Namun, persoalan ini tidak hanya berhenti pada ada atau tidaknya nominal yang dibayarkan. Yang menjadi perhatian adalah apakah pengumpulan dana tersebut memenuhi unsur “sumbangan sukarela” atau justru dapat dikategorikan sebagai “pungutan” yang bertentangan dengan aturan.
Berdasarkan Peraturan Menteri Pendidikan dan Kebudayaan (Permendikbud) Nomor 75 Tahun 2016 tentang Komite Sekolah, pungutan adalah penarikan uang yang bersifat wajib, mengikat, serta ditentukan jumlah dan jangka waktu pembayarannya. Sedangkan sumbangan merupakan pemberian yang bersifat sukarela, tidak memaksa, tidak mengikat, dan tidak ditentukan jumlah maupun waktu pembayarannya.

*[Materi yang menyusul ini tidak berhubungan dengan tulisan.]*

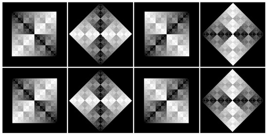 As previously described, the set of fractal masks is generated by combining two orthogonal grayscale ramp images using the XOR logical operation. The final masks are obtained by rotating the original fractal to the desired angle with no interpolation and allowing the black extra pixels to cover the entire image. The resultant filtering images can be seen in Figure 1.
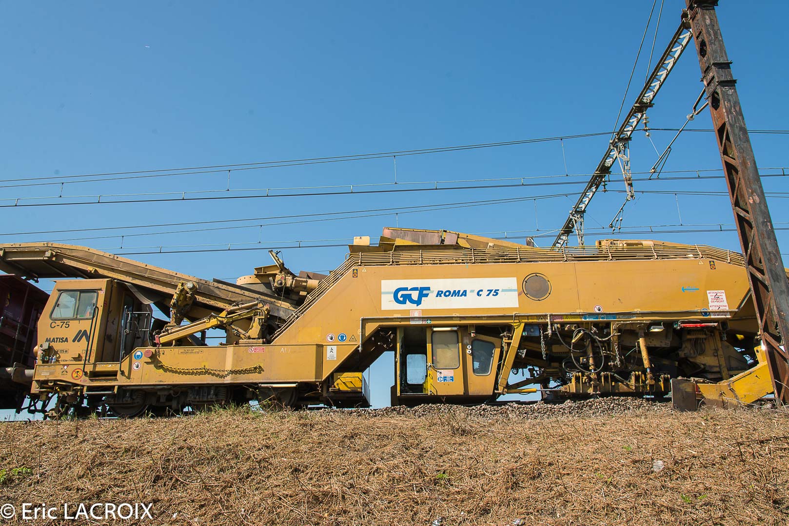 - Dégarnisseuse Cribleuse Matisa C-75 - 99 87 9 314 507-4 GCF Roma sur le RVB voie 1 bis à Courtois sur Yonne (89) en avril 2017.
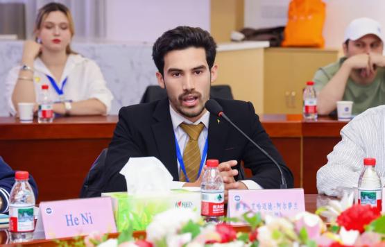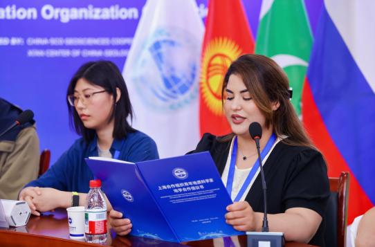 會議討論環(huán)節(jié),我校代表圍繞“青年如何參與上合組織地質(zhì)學(xué)方面的合作創(chuàng)新”議題,與各方參與代表開展圓桌會議,學(xué)生代表菲魯絲、黛西、薩萊分別作交流發(fā)言。菲魯絲提出以教育科研、數(shù)字技術(shù)、國際協(xié)作三大路徑推進(jìn)青年地學(xué)合作;黛西聚焦“三個(gè)主動”,即主動利用機(jī)會、主動解決問題、主動跨域交流給出實(shí)踐建議;薩萊則從責(zé)任使命切入,強(qiáng)調(diào)青年需將個(gè)人成長融入?yún)^(qū)域地學(xué)發(fā)展大局。最后,愛蓮娜為會議宣讀俄語版《青年地質(zhì)科學(xué)家倡議書》。

Dalam Pasal 12 huruf b Permendikbud Nomor 75 Tahun 2016 disebutkan bahwa Komite Sekolah, baik perseorangan maupun kolektif, dilarang melakukan pungutan dari peserta didik atau orang tua/walinya.
Selain itu, Pasal 9 Ayat (1) Peraturan Pemerintah Nomor 48 Tahun 2008 tentang Pendanaan Pendidikan menegaskan bahwa pendanaan pendidikan menjadi tanggung jawab bersama pemerintah pusat, pemerintah daerah, dan masyarakat. Namun pelaksanaannya tidak boleh bertentangan dengan ketentuan perundang-undangan yang melarang pungutan pada satuan pendidikan tertentu.

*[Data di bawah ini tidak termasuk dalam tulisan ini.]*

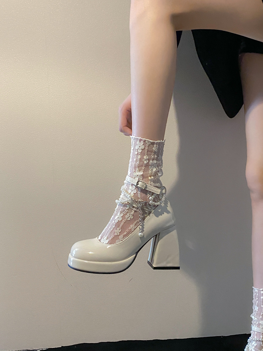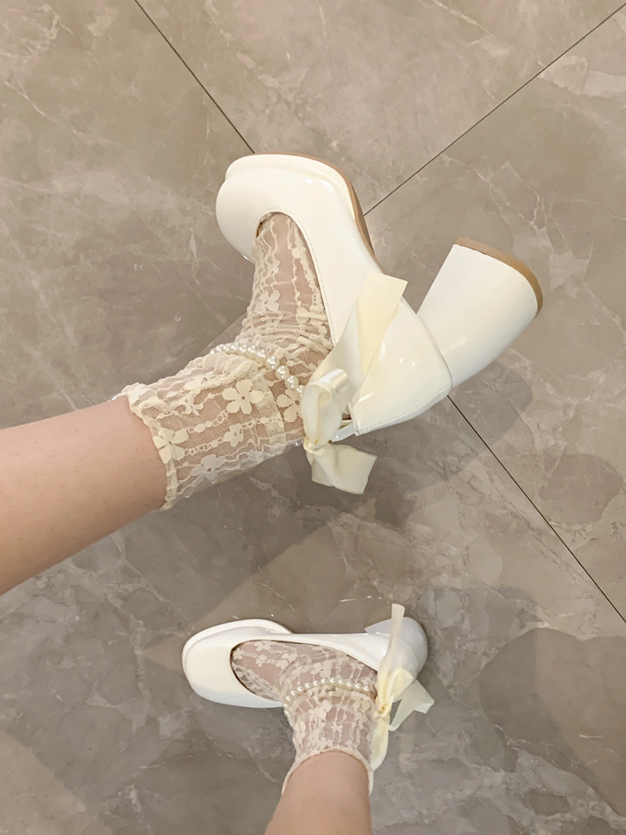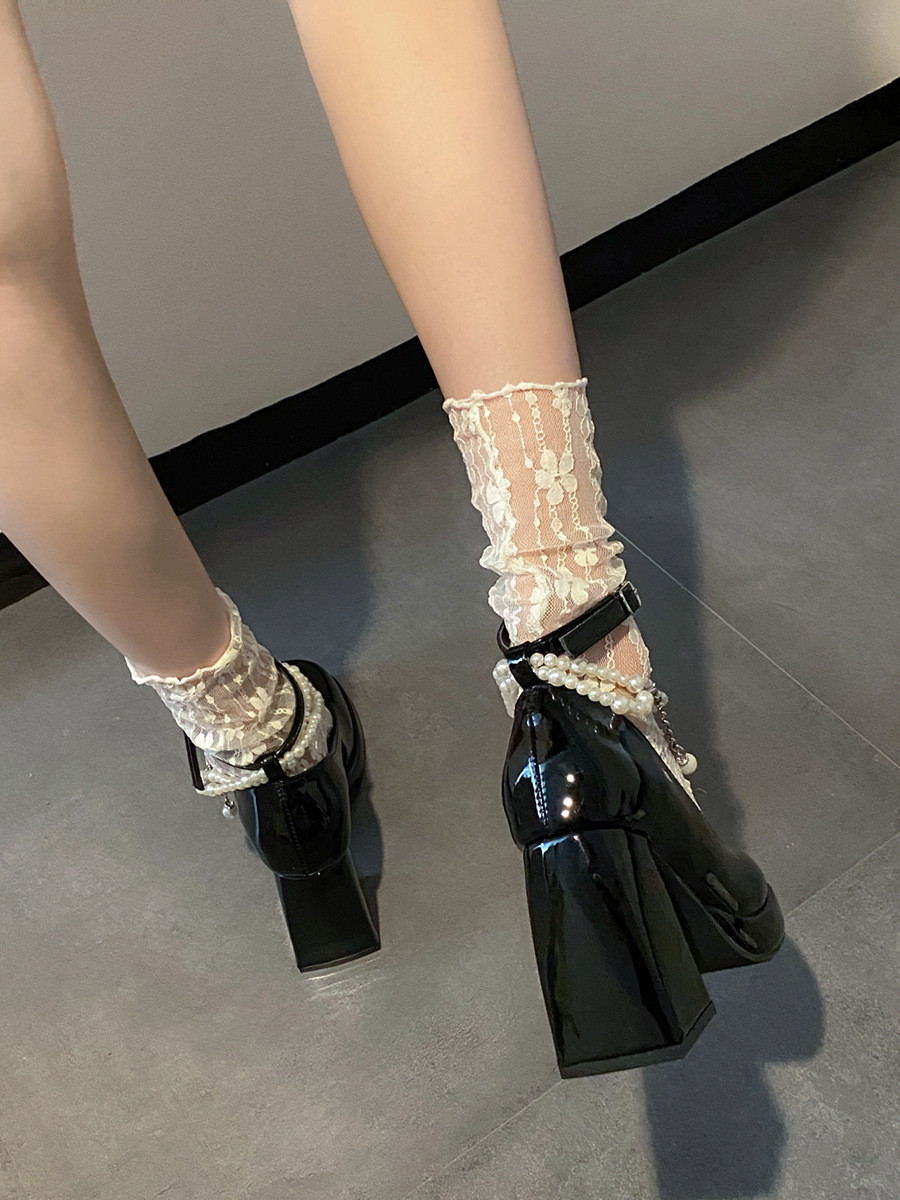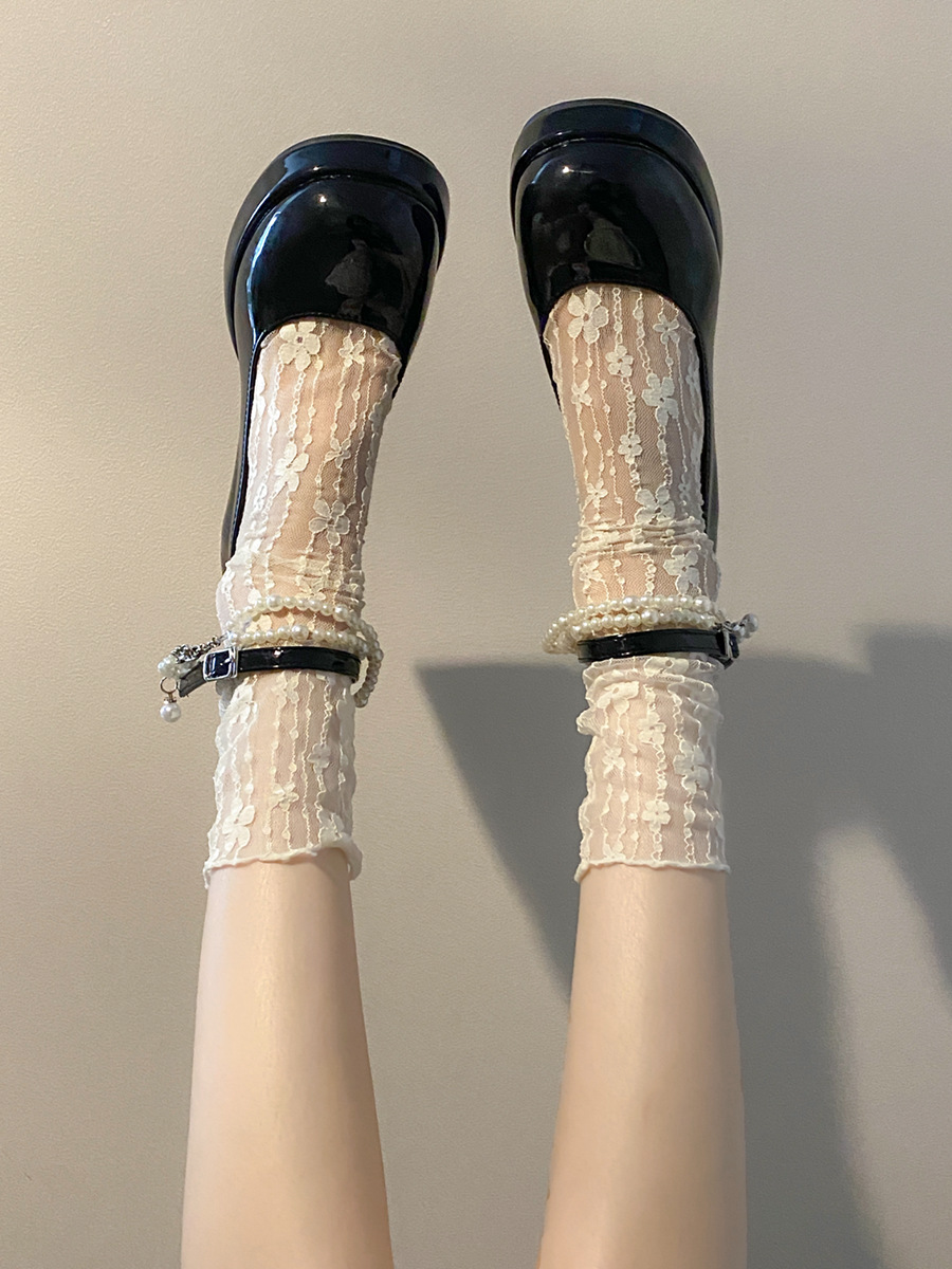 여름 여성용 흰색 레이스 양말 얇은 메리 제인 메쉬 양말 중간 튜브 달콤한 로리타 짧은 스타킹

Di Jawa Barat sendiri, persoalan pungutan di sekolah negeri kerap menjadi perhatian pemerintah provinsi. Gubernur dan Dinas Pendidikan Jawa Barat beberapa kali menegaskan bahwa sekolah negeri tidak boleh melakukan pungutan yang membebani orang tua siswa dengan alasan kegiatan sekolah.
Ancaman Sanksi
Apabila ditemukan adanya pungutan yang dilakukan oleh pihak sekolah atau oknum yang mengatasnamakan sekolah tanpa dasar hukum yang jelas, terdapat sejumlah sanksi yang dapat dikenakan.
Berdasarkan ketentuan disiplin aparatur sipil negara dalam Peraturan Pemerintah Nomor 94 Tahun 2021 tentang Disiplin PNS, kepala sekolah maupun guru yang terbukti melanggar aturan dapat dikenakan sanksi administratif mulai dari teguran, penurunan jabatan, hingga pemberhentian sesuai tingkat pelanggaran.

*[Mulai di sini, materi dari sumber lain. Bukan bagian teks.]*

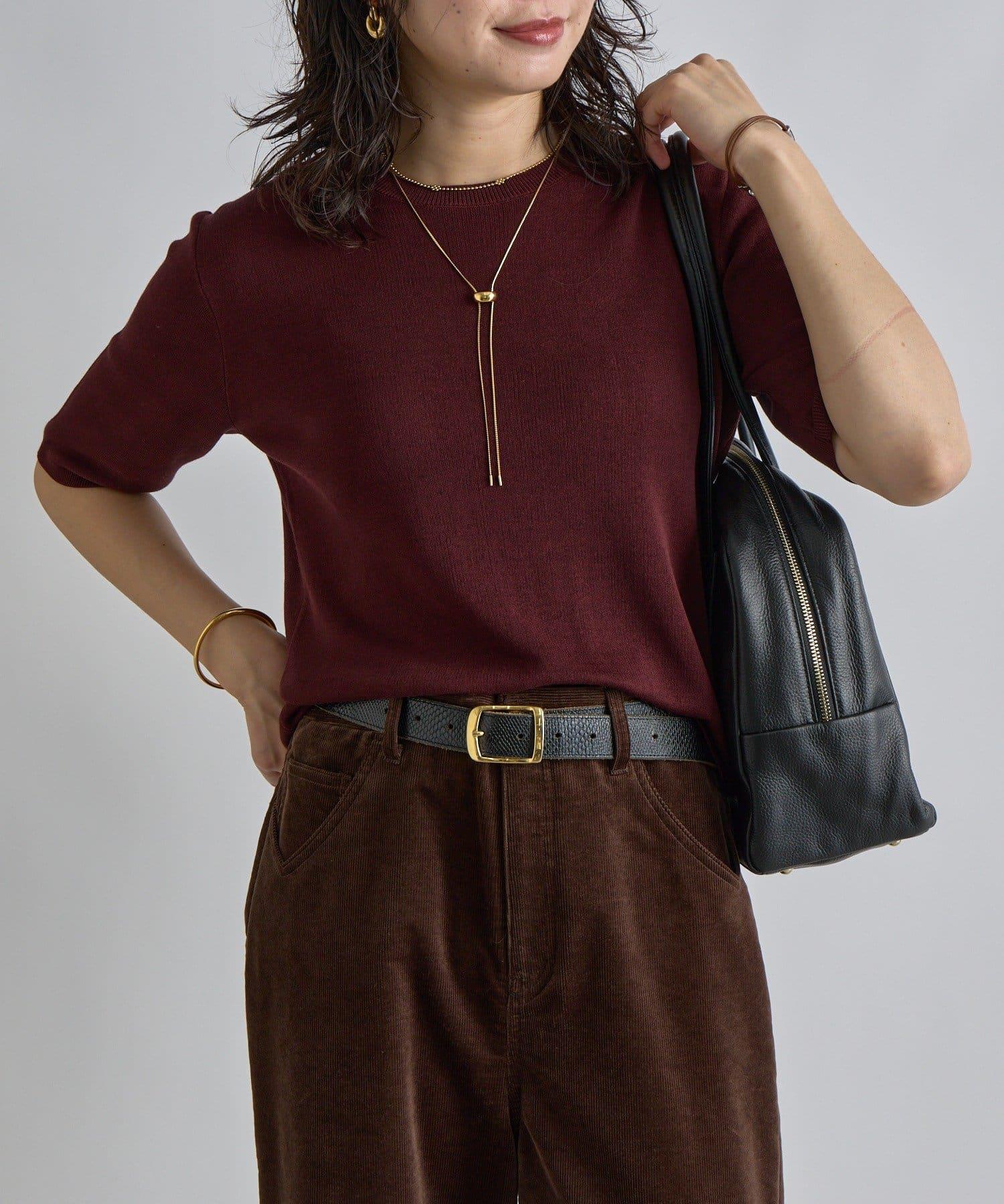 14G 光滑針織物的光滑質感和與身體柔和融合的簡潔輪廓也給人一種精緻的印象。

Sementara itu, jika dalam praktiknya ditemukan unsur penyalahgunaan jabatan atau pemaksaan yang mengakibatkan keuntungan tertentu bagi pihak tertentu, kasus tersebut dapat masuk ke ranah hukum sesuai ketentuan tindak pidana korupsi atau penyalahgunaan wewenang setelah melalui proses pembuktian oleh aparat penegak hukum.
Pengamat pendidikan menilai, polemik seperti ini sering muncul karena adanya area abu-abu antara kegiatan sekolah dan kegiatan yang diklaim sebagai inisiatif orang tua. Apalagi kegiatan berlangsung di lingkungan sekolah, melibatkan siswa, serta menggunakan fasilitas pendidikan.
Karena itu, transparansi menjadi hal yang sangat penting. Publik berhak mengetahui siapa penyelenggara kegiatan, bagaimana mekanisme pengumpulan dana dilakukan, apakah ada kesepakatan tertulis orang tua, serta apakah terdapat siswa yang merasa terbebani atau tidak mampu membayar.
Kini, pertanyaan yang berkembang di tengah masyarakat bukan lagi sekedar soal nominal Rp25 ribu, melainkan apakah mekanisme pengumpulan dana tersebut benar-benar sukarela sesuai aturan atau justru telah memenuhi unsur pungutan yang dilarang. Jika memang murni inisiatif orang tua tanpa paksaan, tentu tidak menjadi masalah. Namun jika terdapat unsur kewajiban, tekanan sosial, atau penetapan nominal yang harus dibayar, maka hal itu berpotensi bertentangan dengan regulasi pendidikan yang berlaku.